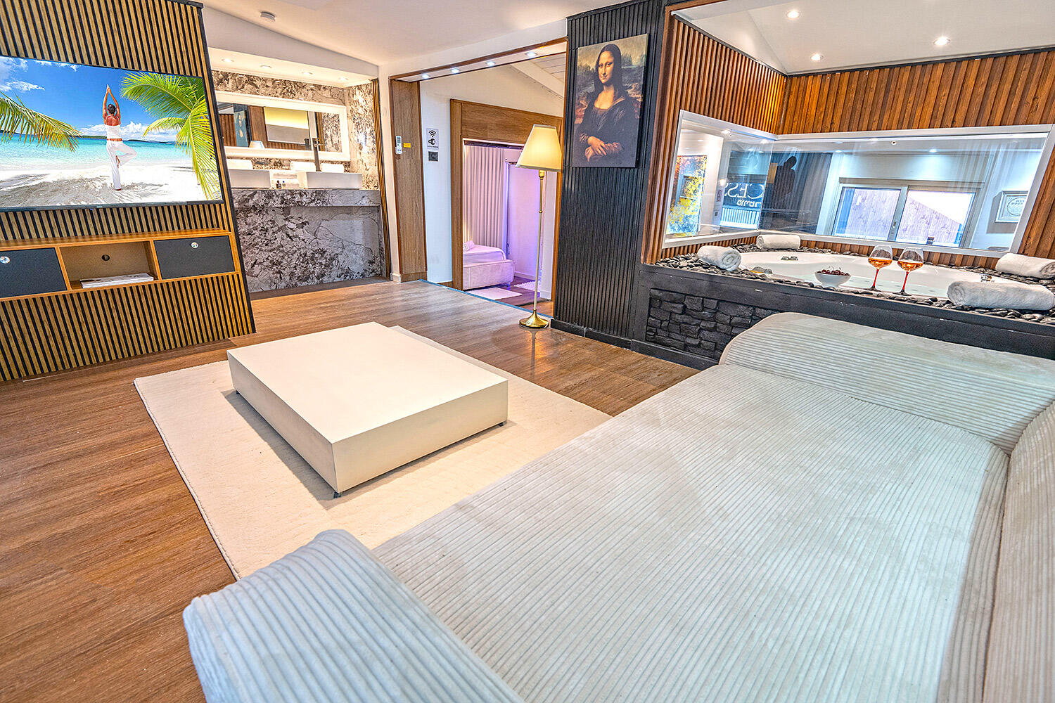 הסוויטה מרגישה כמו עולם קטן וסגור משלכם – שקטה, אלגנטית ותחומה היטב מהסביבה. התאורה הרכה, מערכת הסאונד והמעבר הישיר מהחלל הפנימי לבריכה – יוצרים יחד אווירה נעימה, אינטימית ומוקפדת
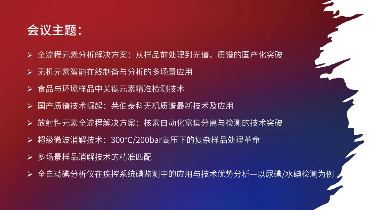 2025年,萊伯泰科將啟動(dòng)“元素分析整體解決方案全國(guó)巡回技術(shù)交流會(huì)”!誠(chéng)邀您參加這場(chǎng)聚焦國(guó)產(chǎn)化實(shí)踐與技術(shù)創(chuàng)新的交流會(huì),見(jiàn)證萊伯泰科從樣品前處理到全品類(lèi)分析儀器的智造實(shí)力。
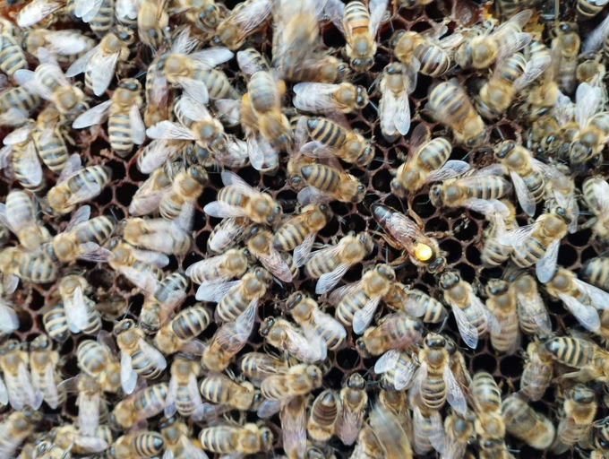 Die "Fressnapf-Bienen" haben sich vom Transport erholt und sammeln schon fleißig den ersten Nektar und Pollen! Sie entwickeln sich sehr gut. Die nächste Generation Bienen sind dann schon die "Winterbi...

------------------------------------------------

AIM OF THE TASK.
Return all of the material above unchanged, minus its pictures.

RESULT.
 הסוויטה מרגישה כמו עולם קטן וסגור משלכם – שקטה, אלגנטית ותחומה היטב מהסביבה. התאורה הרכה, מערכת הסאונד והמעבר הישיר מהחלל הפנימי לבריכה – יוצרים יחד אווירה נעימה, אינטימית ומוקפדת
 2025年,萊伯泰科將啟動(dòng)“元素分析整體解決方案全國(guó)巡回技術(shù)交流會(huì)”!誠(chéng)邀您參加這場(chǎng)聚焦國(guó)產(chǎn)化實(shí)踐與技術(shù)創(chuàng)新的交流會(huì),見(jiàn)證萊伯泰科從樣品前處理到全品類(lèi)分析儀器的智造實(shí)力。
 Die "Fressnapf-Bienen" haben sich vom Transport erholt und sammeln schon fleißig den ersten Nektar und Pollen! Sie entwickeln sich sehr gut. Die nächste Generation Bienen sind dann schon die "Winterbi...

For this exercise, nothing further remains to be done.